### PROBLEM DESCRIPTION
From start to end of the material below, restate each line exactly.

= Beginning of Section =

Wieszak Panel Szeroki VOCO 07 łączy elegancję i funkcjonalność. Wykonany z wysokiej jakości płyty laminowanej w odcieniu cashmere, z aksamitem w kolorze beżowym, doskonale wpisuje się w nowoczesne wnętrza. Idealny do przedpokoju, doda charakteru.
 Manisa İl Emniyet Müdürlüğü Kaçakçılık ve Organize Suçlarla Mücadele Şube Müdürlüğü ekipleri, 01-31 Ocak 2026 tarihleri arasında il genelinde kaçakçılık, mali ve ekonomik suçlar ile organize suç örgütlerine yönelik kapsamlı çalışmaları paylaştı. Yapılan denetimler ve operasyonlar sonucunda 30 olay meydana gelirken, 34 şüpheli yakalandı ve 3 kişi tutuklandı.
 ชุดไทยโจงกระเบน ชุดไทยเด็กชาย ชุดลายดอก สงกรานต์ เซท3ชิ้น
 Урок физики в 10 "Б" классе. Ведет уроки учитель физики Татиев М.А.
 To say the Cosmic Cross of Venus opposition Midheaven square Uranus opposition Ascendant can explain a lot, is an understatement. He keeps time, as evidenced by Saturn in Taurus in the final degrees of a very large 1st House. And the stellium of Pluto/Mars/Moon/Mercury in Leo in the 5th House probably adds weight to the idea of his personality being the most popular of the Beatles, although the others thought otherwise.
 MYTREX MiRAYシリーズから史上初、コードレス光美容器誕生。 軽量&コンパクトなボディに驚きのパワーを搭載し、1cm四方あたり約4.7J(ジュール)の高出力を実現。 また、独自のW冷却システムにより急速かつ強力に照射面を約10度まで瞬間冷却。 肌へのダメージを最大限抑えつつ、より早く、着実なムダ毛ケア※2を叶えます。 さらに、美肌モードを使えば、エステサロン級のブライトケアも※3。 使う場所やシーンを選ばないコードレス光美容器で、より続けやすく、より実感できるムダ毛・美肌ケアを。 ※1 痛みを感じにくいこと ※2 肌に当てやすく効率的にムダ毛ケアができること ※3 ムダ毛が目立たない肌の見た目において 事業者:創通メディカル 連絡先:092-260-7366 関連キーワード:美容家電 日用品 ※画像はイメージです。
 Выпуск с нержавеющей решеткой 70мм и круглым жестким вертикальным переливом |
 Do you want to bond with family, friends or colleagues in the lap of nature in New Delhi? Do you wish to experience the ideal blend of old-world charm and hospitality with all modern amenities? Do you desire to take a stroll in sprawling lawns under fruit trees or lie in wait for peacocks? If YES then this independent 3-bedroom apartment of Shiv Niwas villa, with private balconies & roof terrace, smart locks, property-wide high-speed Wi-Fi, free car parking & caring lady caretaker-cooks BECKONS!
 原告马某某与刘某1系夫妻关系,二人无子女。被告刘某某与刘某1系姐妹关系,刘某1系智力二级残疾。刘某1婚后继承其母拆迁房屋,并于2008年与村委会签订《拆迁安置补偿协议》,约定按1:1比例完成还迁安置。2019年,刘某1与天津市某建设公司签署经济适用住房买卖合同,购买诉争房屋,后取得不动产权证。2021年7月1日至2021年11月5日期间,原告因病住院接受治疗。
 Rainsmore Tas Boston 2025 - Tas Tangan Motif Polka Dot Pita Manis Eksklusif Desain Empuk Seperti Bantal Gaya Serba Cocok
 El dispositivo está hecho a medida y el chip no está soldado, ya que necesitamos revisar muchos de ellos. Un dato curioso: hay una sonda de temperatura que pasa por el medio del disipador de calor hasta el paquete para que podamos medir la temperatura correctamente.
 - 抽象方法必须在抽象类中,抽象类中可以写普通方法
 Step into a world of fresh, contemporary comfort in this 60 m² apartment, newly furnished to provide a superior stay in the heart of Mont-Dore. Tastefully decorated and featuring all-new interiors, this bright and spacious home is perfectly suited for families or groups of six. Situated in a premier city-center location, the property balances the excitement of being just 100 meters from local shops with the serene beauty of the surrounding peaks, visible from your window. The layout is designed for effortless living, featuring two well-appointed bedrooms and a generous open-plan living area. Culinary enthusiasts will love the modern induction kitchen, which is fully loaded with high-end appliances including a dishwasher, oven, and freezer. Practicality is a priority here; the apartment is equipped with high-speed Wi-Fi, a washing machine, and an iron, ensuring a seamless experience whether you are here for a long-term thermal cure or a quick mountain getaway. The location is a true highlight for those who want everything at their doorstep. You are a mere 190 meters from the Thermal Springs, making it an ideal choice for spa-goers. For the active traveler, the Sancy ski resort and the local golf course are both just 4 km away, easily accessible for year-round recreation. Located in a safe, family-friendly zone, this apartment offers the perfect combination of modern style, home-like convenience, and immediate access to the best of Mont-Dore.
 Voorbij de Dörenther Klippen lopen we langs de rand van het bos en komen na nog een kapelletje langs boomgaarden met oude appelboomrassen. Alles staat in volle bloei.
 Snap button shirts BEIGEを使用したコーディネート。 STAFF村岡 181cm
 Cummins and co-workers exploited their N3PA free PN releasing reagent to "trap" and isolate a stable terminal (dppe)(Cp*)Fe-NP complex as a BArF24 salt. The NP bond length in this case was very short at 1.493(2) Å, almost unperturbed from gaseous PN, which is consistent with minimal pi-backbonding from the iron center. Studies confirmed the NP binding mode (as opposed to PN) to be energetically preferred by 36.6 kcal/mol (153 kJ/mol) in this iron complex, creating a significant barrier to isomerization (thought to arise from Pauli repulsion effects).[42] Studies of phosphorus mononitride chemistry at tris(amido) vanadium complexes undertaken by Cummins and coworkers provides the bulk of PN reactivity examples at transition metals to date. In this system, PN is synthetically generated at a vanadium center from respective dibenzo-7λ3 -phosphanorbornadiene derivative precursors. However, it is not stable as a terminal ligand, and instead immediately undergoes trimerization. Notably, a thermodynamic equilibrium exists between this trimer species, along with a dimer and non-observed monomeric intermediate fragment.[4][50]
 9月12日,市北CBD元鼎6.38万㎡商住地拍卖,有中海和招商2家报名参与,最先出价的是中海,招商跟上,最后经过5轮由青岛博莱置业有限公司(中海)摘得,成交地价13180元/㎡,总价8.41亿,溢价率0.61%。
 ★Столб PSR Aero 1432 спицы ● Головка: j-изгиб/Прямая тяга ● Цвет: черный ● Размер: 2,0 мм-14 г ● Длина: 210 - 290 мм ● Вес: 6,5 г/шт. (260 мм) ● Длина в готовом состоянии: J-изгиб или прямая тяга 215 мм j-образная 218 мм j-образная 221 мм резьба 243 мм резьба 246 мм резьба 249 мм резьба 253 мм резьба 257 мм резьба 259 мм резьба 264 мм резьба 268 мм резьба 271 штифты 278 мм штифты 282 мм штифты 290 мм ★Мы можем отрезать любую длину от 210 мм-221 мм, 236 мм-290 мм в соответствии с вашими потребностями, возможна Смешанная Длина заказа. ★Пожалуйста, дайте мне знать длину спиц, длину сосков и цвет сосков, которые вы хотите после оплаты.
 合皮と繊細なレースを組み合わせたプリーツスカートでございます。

= End of Section =

### YOUR SOLUTION
Wieszak Panel Szeroki VOCO 07 łączy elegancję i funkcjonalność. Wykonany z wysokiej jakości płyty laminowanej w odcieniu cashmere, z aksamitem w kolorze beżowym, doskonale wpisuje się w nowoczesne wnętrza. Idealny do przedpokoju, doda charakteru.
 Manisa İl Emniyet Müdürlüğü Kaçakçılık ve Organize Suçlarla Mücadele Şube Müdürlüğü ekipleri, 01-31 Ocak 2026 tarihleri arasında il genelinde kaçakçılık, mali ve ekonomik suçlar ile organize suç örgütlerine yönelik kapsamlı çalışmaları paylaştı. Yapılan denetimler ve operasyonlar sonucunda 30 olay meydana gelirken, 34 şüpheli yakalandı ve 3 kişi tutuklandı.
 ชุดไทยโจงกระเบน ชุดไทยเด็กชาย ชุดลายดอก สงกรานต์ เซท3ชิ้น
 Урок физики в 10 "Б" классе. Ведет уроки учитель физики Татиев М.А.
 To say the Cosmic Cross of Venus opposition Midheaven square Uranus opposition Ascendant can explain a lot, is an understatement. He keeps time, as evidenced by Saturn in Taurus in the final degrees of a very large 1st House. And the stellium of Pluto/Mars/Moon/Mercury in Leo in the 5th House probably adds weight to the idea of his personality being the most popular of the Beatles, although the others thought otherwise.
 MYTREX MiRAYシリーズから史上初、コードレス光美容器誕生。 軽量&コンパクトなボディに驚きのパワーを搭載し、1cm四方あたり約4.7J(ジュール)の高出力を実現。 また、独自のW冷却システムにより急速かつ強力に照射面を約10度まで瞬間冷却。 肌へのダメージを最大限抑えつつ、より早く、着実なムダ毛ケア※2を叶えます。 さらに、美肌モードを使えば、エステサロン級のブライトケアも※3。 使う場所やシーンを選ばないコードレス光美容器で、より続けやすく、より実感できるムダ毛・美肌ケアを。 ※1 痛みを感じにくいこと ※2 肌に当てやすく効率的にムダ毛ケアができること ※3 ムダ毛が目立たない肌の見た目において 事業者:創通メディカル 連絡先:092-260-7366 関連キーワード:美容家電 日用品 ※画像はイメージです。
 Выпуск с нержавеющей решеткой 70мм и круглым жестким вертикальным переливом |
 Do you want to bond with family, friends or colleagues in the lap of nature in New Delhi? Do you wish to experience the ideal blend of old-world charm and hospitality with all modern amenities? Do you desire to take a stroll in sprawling lawns under fruit trees or lie in wait for peacocks? If YES then this independent 3-bedroom apartment of Shiv Niwas villa, with private balconies & roof terrace, smart locks, property-wide high-speed Wi-Fi, free car parking & caring lady caretaker-cooks BECKONS!
 原告马某某与刘某1系夫妻关系,二人无子女。被告刘某某与刘某1系姐妹关系,刘某1系智力二级残疾。刘某1婚后继承其母拆迁房屋,并于2008年与村委会签订《拆迁安置补偿协议》,约定按1:1比例完成还迁安置。2019年,刘某1与天津市某建设公司签署经济适用住房买卖合同,购买诉争房屋,后取得不动产权证。2021年7月1日至2021年11月5日期间,原告因病住院接受治疗。
 Rainsmore Tas Boston 2025 - Tas Tangan Motif Polka Dot Pita Manis Eksklusif Desain Empuk Seperti Bantal Gaya Serba Cocok
 El dispositivo está hecho a medida y el chip no está soldado, ya que necesitamos revisar muchos de ellos. Un dato curioso: hay una sonda de temperatura que pasa por el medio del disipador de calor hasta el paquete para que podamos medir la temperatura correctamente.
 - 抽象方法必须在抽象类中,抽象类中可以写普通方法
 Step into a world of fresh, contemporary comfort in this 60 m² apartment, newly furnished to provide a superior stay in the heart of Mont-Dore. Tastefully decorated and featuring all-new interiors, this bright and spacious home is perfectly suited for families or groups of six. Situated in a premier city-center location, the property balances the excitement of being just 100 meters from local shops with the serene beauty of the surrounding peaks, visible from your window. The layout is designed for effortless living, featuring two well-appointed bedrooms and a generous open-plan living area. Culinary enthusiasts will love the modern induction kitchen, which is fully loaded with high-end appliances including a dishwasher, oven, and freezer. Practicality is a priority here; the apartment is equipped with high-speed Wi-Fi, a washing machine, and an iron, ensuring a seamless experience whether you are here for a long-term thermal cure or a quick mountain getaway. The location is a true highlight for those who want everything at their doorstep. You are a mere 190 meters from the Thermal Springs, making it an ideal choice for spa-goers. For the active traveler, the Sancy ski resort and the local golf course are both just 4 km away, easily accessible for year-round recreation. Located in a safe, family-friendly zone, this apartment offers the perfect combination of modern style, home-like convenience, and immediate access to the best of Mont-Dore.
 Voorbij de Dörenther Klippen lopen we langs de rand van het bos en komen na nog een kapelletje langs boomgaarden met oude appelboomrassen. Alles staat in volle bloei.
 Snap button shirts BEIGEを使用したコーディネート。 STAFF村岡 181cm
 Cummins and co-workers exploited their N3PA free PN releasing reagent to "trap" and isolate a stable terminal (dppe)(Cp*)Fe-NP complex as a BArF24 salt. The NP bond length in this case was very short at 1.493(2) Å, almost unperturbed from gaseous PN, which is consistent with minimal pi-backbonding from the iron center. Studies confirmed the NP binding mode (as opposed to PN) to be energetically preferred by 36.6 kcal/mol (153 kJ/mol) in this iron complex, creating a significant barrier to isomerization (thought to arise from Pauli repulsion effects).[42] Studies of phosphorus mononitride chemistry at tris(amido) vanadium complexes undertaken by Cummins and coworkers provides the bulk of PN reactivity examples at transition metals to date. In this system, PN is synthetically generated at a vanadium center from respective dibenzo-7λ3 -phosphanorbornadiene derivative precursors. However, it is not stable as a terminal ligand, and instead immediately undergoes trimerization. Notably, a thermodynamic equilibrium exists between this trimer species, along with a dimer and non-observed monomeric intermediate fragment.[4][50]
 9月12日,市北CBD元鼎6.38万㎡商住地拍卖,有中海和招商2家报名参与,最先出价的是中海,招商跟上,最后经过5轮由青岛博莱置业有限公司(中海)摘得,成交地价13180元/㎡,总价8.41亿,溢价率0.61%。
 ★Столб PSR Aero 1432 спицы ● Головка: j-изгиб/Прямая тяга ● Цвет: черный ● Размер: 2,0 мм-14 г ● Длина: 210 - 290 мм ● Вес: 6,5 г/шт. (260 мм) ● Длина в готовом состоянии: J-изгиб или прямая тяга 215 мм j-образная 218 мм j-образная 221 мм резьба 243 мм резьба 246 мм резьба 249 мм резьба 253 мм резьба 257 мм резьба 259 мм резьба 264 мм резьба 268 мм резьба 271 штифты 278 мм штифты 282 мм штифты 290 мм ★Мы можем отрезать любую длину от 210 мм-221 мм, 236 мм-290 мм в соответствии с вашими потребностями, возможна Смешанная Длина заказа. ★Пожалуйста, дайте мне знать длину спиц, длину сосков и цвет сосков, которые вы хотите после оплаты.
 合皮と繊細なレースを組み合わせたプリーツスカートでございます。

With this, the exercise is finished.